At a certain age, many children have to deal with the financial mistakes their parents make. That could mean having to help them out with money, or even having mom and/or dad move in with you.

Some families actually plan for that to happen. In other cases, there are limited options given the high cost of assisted-living facilities and nursing homes.

Whether it's planning for long-term care or just concerns over financial health, many younger Americans are worried about their parents' financial health, according to a new survey conducted by Medical Alert Buyer's Guide, a website that reviews medical alert equipment.

Multiple generations share a meal.

It's important for families to talk about finances. Image source: Getty Images.

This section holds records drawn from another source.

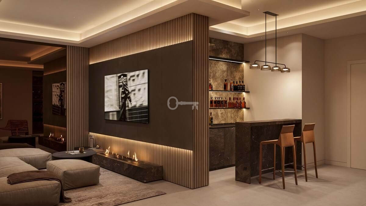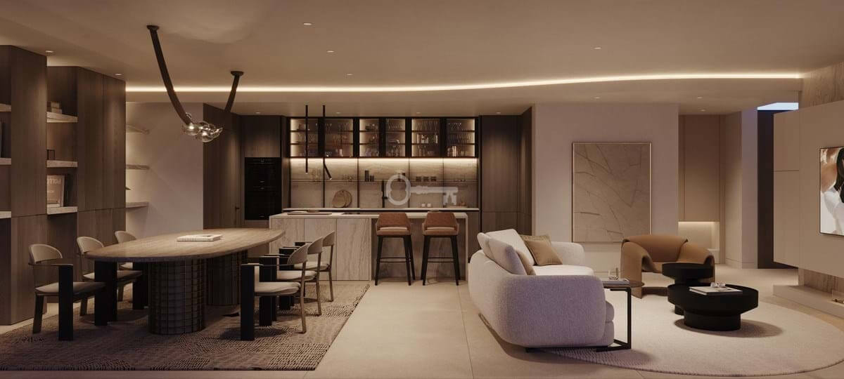 The main floor opens onto a majestic open-plan living room, which integrates the living and dining areas with direct access to the spacious terraces and infinity pool. The modern kitchen, equipped with state-of-the-art appliances, is the social heart of the home. On this same level is an elegant en-suite guest bedroom and a guest toilet.
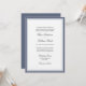 Invitación nupcial clásica con los padres de la novia nombrados en la presentación como anfitriona. Guión tradicional elegante y texto gris oscuro en un borde doble azul. Respaldo azul. Para ajustar el diseño, haga clic en Personalizarlo, Editar texto y, a continuación, haga clic y arrastre las secciones de texto a las ubicaciones deseadas. Utilice Ctrl para seleccionar y mover varias secciones a la vez.
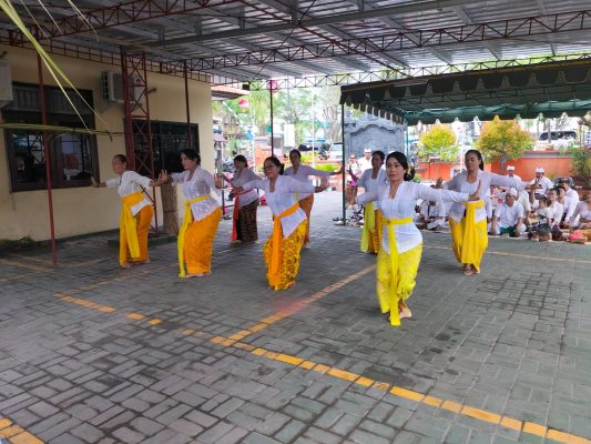 Sebelum acara persembahyangan Piodalan dimulai, Para ibu ibu Bhayangkari melakukan tari Rejang Renteng sebagai rangkain pemujaan dan ucapan syukur Kepada Ida Sang Hyang Widi di depan Pura Merta Jati Benoa.

What are the biggest concerns?

Only 15% of those surveyed felt their parents made no financial mistakes. The rest named a variety of different money errors they perceived their parents to be making, including:

  • Insufficient savings: 39%
  • Insufficient emergency funds: 35%
  • Insufficient retirement savings: 32%
  • Too much debt: 28%
  • Poor budgeting habits: 28%
  • Lack of financial knowledge: 26%
  • Excessive spending 24%
  • Poor credit card management: 21%
  • Frequent impulse purchases: 21%
  • Poor investment choices: 16%
  • Overburdened by housing costs: 16%
  • Too frugal: 15%
  • Excessive high-interest loans: 15%

As you can see, many of these are related to kids worrying that their parents have not saved enough or planned for retirement. That's something children have to be concerned about, because at some point they may have to make financial decisions on behalf of their parents. They may also -- and this is clearly something to worry about -- be forced to pay for care or other expenses their parents can't afford.

What should you do?

It's not always comfortable for kids to talk about money with their parents. In some cases, the topic can be embarrassing or just uncomfortable -- but that does not make it any less essential.

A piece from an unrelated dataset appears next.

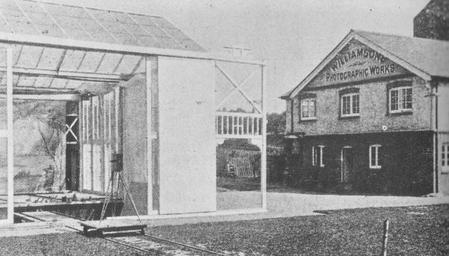 | Keywords: james williamson jameswilliamson 1906 blackandwhite monochrome building architecture outdoor black and white Lo studio di James Williamson intorno al 1906. Da notare la cinepresa posta su di un carrello per le riprese in movimento. Lo studio di James Williamson intorno al 1906. Da notare la cinepresa posta su di un carrello per le riprese in movimento. |
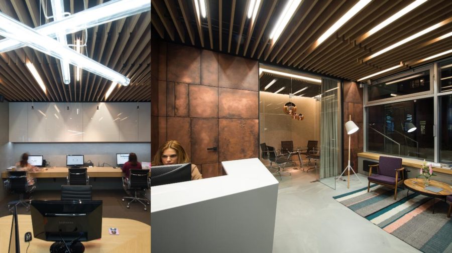 Je prvým objektom, na ktorý prichádzajúcemu padne zrak a vďaka transparentnej “pokožke” interiéru, je výborne čitateľný z rôznych uhlov a aj z exterieru kancelárie.

If your parents are well off and don't require any sort of financial intervention, it's still important to know their wishes in case a time comes when they can't express them. When circumstances are less clear, it's very important to open a dialogue. As a kid, that can be a sort of role reversal. You should start by taking a deliberate approach and asking your parents what their plans are for their future and how they plan to pay off debt, deal with an incapacitating illness, or handle any other calamity.

You may find they already have a plan worked out. Maybe they're in better shape than you think -- maybe they expect to downsize and move someplace cheaper, or have savings you don't know about. If that's not the case, then you have to really dig into the numbers and ask the tough questions. You may have to bring in outside help to force your parents to see their reality and the burden that could create for you.

What's important is to assess the situation and have your parents face their reality as early as possible. Ideally, this happens when they are still young enough to make changes, or at least before children are forced to get involved.

It's not easy to talk about money -- especially when poor choices have been made -- and it can be harder to be the adult in a relationship where you are also the child. Despite that, it's important to have these conversations, because things only get worse if potential problems are ignored.